TASK DETAILS
Print every record exactly, with nothing added or left out.
————
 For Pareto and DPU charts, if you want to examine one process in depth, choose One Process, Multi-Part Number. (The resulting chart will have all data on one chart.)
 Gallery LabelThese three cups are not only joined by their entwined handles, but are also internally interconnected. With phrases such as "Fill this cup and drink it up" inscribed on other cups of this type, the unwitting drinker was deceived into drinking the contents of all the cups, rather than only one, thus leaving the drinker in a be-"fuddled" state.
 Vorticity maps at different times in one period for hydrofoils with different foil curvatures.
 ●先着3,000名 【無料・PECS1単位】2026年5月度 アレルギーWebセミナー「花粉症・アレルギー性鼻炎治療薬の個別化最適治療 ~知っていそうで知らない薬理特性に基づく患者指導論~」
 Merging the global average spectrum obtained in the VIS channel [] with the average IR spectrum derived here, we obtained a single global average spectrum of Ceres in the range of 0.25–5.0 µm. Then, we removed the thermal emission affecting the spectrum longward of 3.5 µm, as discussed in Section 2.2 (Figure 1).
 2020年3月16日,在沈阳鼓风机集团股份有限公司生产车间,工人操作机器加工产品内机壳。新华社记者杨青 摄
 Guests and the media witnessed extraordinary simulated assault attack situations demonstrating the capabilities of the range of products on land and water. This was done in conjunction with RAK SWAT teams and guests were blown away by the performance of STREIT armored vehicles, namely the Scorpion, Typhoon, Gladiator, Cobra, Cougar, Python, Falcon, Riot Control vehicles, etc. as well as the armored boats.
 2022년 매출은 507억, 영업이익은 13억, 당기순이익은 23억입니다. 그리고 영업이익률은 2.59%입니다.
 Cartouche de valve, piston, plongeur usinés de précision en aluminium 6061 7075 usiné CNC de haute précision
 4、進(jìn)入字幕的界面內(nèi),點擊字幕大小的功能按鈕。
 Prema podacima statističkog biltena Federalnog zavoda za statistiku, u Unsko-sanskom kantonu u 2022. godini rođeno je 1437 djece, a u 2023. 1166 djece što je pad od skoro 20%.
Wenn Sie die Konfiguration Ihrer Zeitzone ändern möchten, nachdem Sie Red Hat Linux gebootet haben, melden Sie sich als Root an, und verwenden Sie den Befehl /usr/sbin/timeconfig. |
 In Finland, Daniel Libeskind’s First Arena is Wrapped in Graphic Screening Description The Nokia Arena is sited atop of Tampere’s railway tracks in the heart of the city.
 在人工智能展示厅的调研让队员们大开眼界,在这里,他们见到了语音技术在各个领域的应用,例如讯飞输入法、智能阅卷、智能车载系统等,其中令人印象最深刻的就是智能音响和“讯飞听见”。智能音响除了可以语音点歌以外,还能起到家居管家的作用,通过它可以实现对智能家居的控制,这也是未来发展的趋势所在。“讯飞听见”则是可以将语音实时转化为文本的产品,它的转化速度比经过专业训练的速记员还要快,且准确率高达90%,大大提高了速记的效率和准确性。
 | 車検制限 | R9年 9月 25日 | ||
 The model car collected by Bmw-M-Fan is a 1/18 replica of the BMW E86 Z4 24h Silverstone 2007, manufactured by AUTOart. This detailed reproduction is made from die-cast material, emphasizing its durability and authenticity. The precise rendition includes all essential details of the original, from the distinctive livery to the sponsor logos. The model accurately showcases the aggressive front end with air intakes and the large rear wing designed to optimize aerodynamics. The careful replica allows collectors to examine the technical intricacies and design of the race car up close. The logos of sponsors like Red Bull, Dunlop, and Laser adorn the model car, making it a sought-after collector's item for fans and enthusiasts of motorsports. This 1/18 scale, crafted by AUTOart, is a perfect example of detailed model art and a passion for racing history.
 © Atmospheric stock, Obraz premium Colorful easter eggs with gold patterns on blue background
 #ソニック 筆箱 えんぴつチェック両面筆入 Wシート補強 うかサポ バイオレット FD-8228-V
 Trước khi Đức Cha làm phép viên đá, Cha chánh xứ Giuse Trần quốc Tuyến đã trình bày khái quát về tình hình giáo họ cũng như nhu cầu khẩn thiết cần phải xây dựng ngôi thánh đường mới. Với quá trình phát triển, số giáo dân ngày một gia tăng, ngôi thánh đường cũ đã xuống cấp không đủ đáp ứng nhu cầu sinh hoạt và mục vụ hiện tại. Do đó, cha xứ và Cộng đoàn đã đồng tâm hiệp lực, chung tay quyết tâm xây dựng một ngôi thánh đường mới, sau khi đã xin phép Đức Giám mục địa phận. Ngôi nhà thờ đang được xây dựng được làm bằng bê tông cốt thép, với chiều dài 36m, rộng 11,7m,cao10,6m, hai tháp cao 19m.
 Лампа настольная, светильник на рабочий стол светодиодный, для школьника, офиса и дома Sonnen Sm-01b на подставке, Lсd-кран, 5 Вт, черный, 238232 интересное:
————
WRITTEN SOLUTION
 For Pareto and DPU charts, if you want to examine one process in depth, choose One Process, Multi-Part Number. (The resulting chart will have all data on one chart.)
 Gallery LabelThese three cups are not only joined by their entwined handles, but are also internally interconnected. With phrases such as "Fill this cup and drink it up" inscribed on other cups of this type, the unwitting drinker was deceived into drinking the contents of all the cups, rather than only one, thus leaving the drinker in a be-"fuddled" state.
 Vorticity maps at different times in one period for hydrofoils with different foil curvatures.
 ●先着3,000名 【無料・PECS1単位】2026年5月度 アレルギーWebセミナー「花粉症・アレルギー性鼻炎治療薬の個別化最適治療 ~知っていそうで知らない薬理特性に基づく患者指導論~」
 Merging the global average spectrum obtained in the VIS channel [] with the average IR spectrum derived here, we obtained a single global average spectrum of Ceres in the range of 0.25–5.0 µm. Then, we removed the thermal emission affecting the spectrum longward of 3.5 µm, as discussed in Section 2.2 (Figure 1).
 2020年3月16日,在沈阳鼓风机集团股份有限公司生产车间,工人操作机器加工产品内机壳。新华社记者杨青 摄
 Guests and the media witnessed extraordinary simulated assault attack situations demonstrating the capabilities of the range of products on land and water. This was done in conjunction with RAK SWAT teams and guests were blown away by the performance of STREIT armored vehicles, namely the Scorpion, Typhoon, Gladiator, Cobra, Cougar, Python, Falcon, Riot Control vehicles, etc. as well as the armored boats.
 2022년 매출은 507억, 영업이익은 13억, 당기순이익은 23억입니다. 그리고 영업이익률은 2.59%입니다.
 Cartouche de valve, piston, plongeur usinés de précision en aluminium 6061 7075 usiné CNC de haute précision
 4、進(jìn)入字幕的界面內(nèi),點擊字幕大小的功能按鈕。
 Prema podacima statističkog biltena Federalnog zavoda za statistiku, u Unsko-sanskom kantonu u 2022. godini rođeno je 1437 djece, a u 2023. 1166 djece što je pad od skoro 20%.
Wenn Sie die Konfiguration Ihrer Zeitzone ändern möchten, nachdem Sie Red Hat Linux gebootet haben, melden Sie sich als Root an, und verwenden Sie den Befehl /usr/sbin/timeconfig. |
 In Finland, Daniel Libeskind’s First Arena is Wrapped in Graphic Screening Description The Nokia Arena is sited atop of Tampere’s railway tracks in the heart of the city.
 在人工智能展示厅的调研让队员们大开眼界,在这里,他们见到了语音技术在各个领域的应用,例如讯飞输入法、智能阅卷、智能车载系统等,其中令人印象最深刻的就是智能音响和“讯飞听见”。智能音响除了可以语音点歌以外,还能起到家居管家的作用,通过它可以实现对智能家居的控制,这也是未来发展的趋势所在。“讯飞听见”则是可以将语音实时转化为文本的产品,它的转化速度比经过专业训练的速记员还要快,且准确率高达90%,大大提高了速记的效率和准确性。
 | 車検制限 | R9年 9月 25日 | ||
 The model car collected by Bmw-M-Fan is a 1/18 replica of the BMW E86 Z4 24h Silverstone 2007, manufactured by AUTOart. This detailed reproduction is made from die-cast material, emphasizing its durability and authenticity. The precise rendition includes all essential details of the original, from the distinctive livery to the sponsor logos. The model accurately showcases the aggressive front end with air intakes and the large rear wing designed to optimize aerodynamics. The careful replica allows collectors to examine the technical intricacies and design of the race car up close. The logos of sponsors like Red Bull, Dunlop, and Laser adorn the model car, making it a sought-after collector's item for fans and enthusiasts of motorsports. This 1/18 scale, crafted by AUTOart, is a perfect example of detailed model art and a passion for racing history.
 © Atmospheric stock, Obraz premium Colorful easter eggs with gold patterns on blue background
 #ソニック 筆箱 えんぴつチェック両面筆入 Wシート補強 うかサポ バイオレット FD-8228-V
 Trước khi Đức Cha làm phép viên đá, Cha chánh xứ Giuse Trần quốc Tuyến đã trình bày khái quát về tình hình giáo họ cũng như nhu cầu khẩn thiết cần phải xây dựng ngôi thánh đường mới. Với quá trình phát triển, số giáo dân ngày một gia tăng, ngôi thánh đường cũ đã xuống cấp không đủ đáp ứng nhu cầu sinh hoạt và mục vụ hiện tại. Do đó, cha xứ và Cộng đoàn đã đồng tâm hiệp lực, chung tay quyết tâm xây dựng một ngôi thánh đường mới, sau khi đã xin phép Đức Giám mục địa phận. Ngôi nhà thờ đang được xây dựng được làm bằng bê tông cốt thép, với chiều dài 36m, rộng 11,7m,cao10,6m, hai tháp cao 19m.
 Лампа настольная, светильник на рабочий стол светодиодный, для школьника, офиса и дома Sonnen Sm-01b на подставке, Lсd-кран, 5 Вт, черный, 238232 интересное:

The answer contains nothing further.